Hi Jenny!
Well I've gotten onto the "two and through" bandwagon with dh! It's slowly dawning on me that I have everything I need in my life right now to be happy and if we stay at two, we can all have an incredible life. Lily is starting to get into a lot of activities, and Ethan will be starting some soon. If I have another baby, I'll have to miss out on a lot of stuff and Lily and Ethan would not be able to have all the opportunities they do now.
As much as I would love a third child, that would require major sacrifices that I don't think I am prepared to make. I would have to pull Lily from activities and none of them would be able to do everything I'd want them to do. The financial side is a huge driver in my decision too...the thought of paying for daycare/aftercare for three...OMG. Since I am pretty much the only one wanting a third child...it doesn't seem fair that everyone would have to make such major adjustments because of my own desires. I'd rather be the one to sacrifice than my family.
Also, I've never really had baby fever. I can't see myself going through the infant/toddler state again. The diapers, maternity leave, formula, daycare, the tantrums...I just can't! Ethan just turned 3 and I'm starting to see the light at the end of the tunnel! Soon they'll be able to do all sorts of cool activities and stuff together. We'll be able to take real vacations and enjoy it instead of having to plan around caring for a baby. Maybe if I could get pregnant and give birth to a 4-year old I could do it, lol. I don't want to wait another 5 years to get the freedom from the rigors of those first few years. We just moved and I shocked myself by how easily I threw out old baby stuff--the car seats especially. I just kept thinking wow, if we stay at two kids, in one year we'll never have to hook up another car seat again! I just threw everything out and didn't even look back.

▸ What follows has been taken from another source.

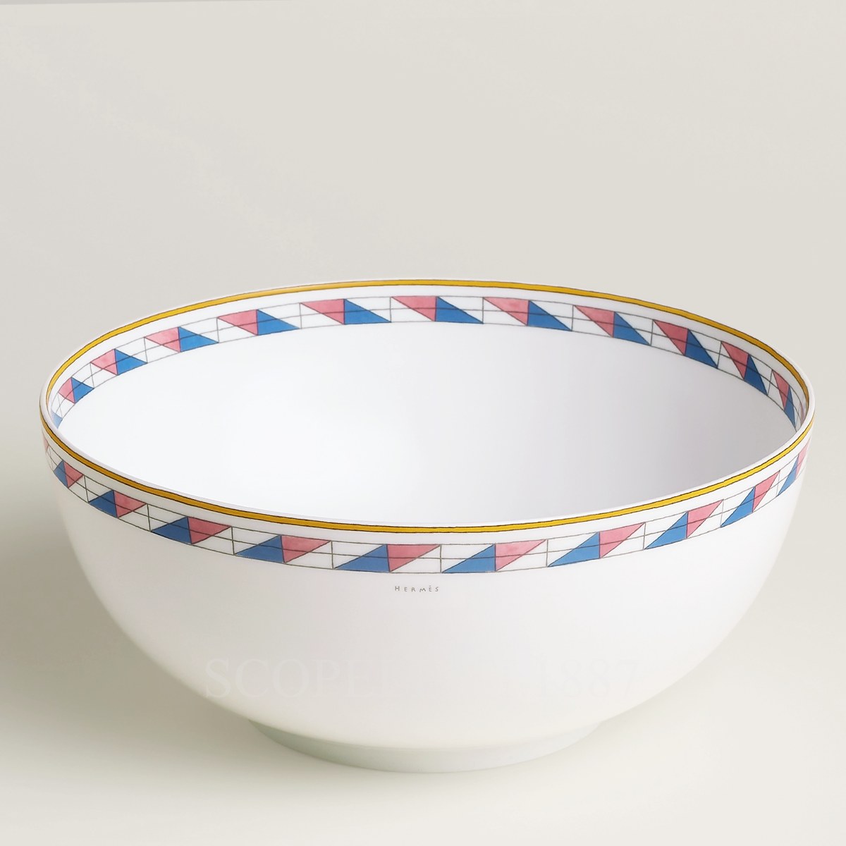 A sculptural presence for the contemporary table, the Hermès en Contrepoint salad bowl large combines generous proportions with a vibrant graphic identity. Fine Limoges porcelain is enlivened by hand-laid chromolithographic decoration, where layered friezes and chromatic accents create a refined visual rhythm.

Even though it's clearly the best thing for our family, I'm a little sad about the decision. I'm relieved and excited about the next phase of life, but a part of me feels that I've "failed". Hopefully in time this will feel more like a choice and not like something that was imposed on me due to circumstances. It also doesn't help that everyone seems to assume that I am done. I'd like to feel like this was a choice that I freely made--not something I had to do because it was expected. I also hate that it comes down to finances. Whenever I tried to budget for a third kid, it really got me down. Sometimes I feel like I chose material things over a child. I think subsconsciously I am already "there" but it may take a little time for my heart to fully catch up.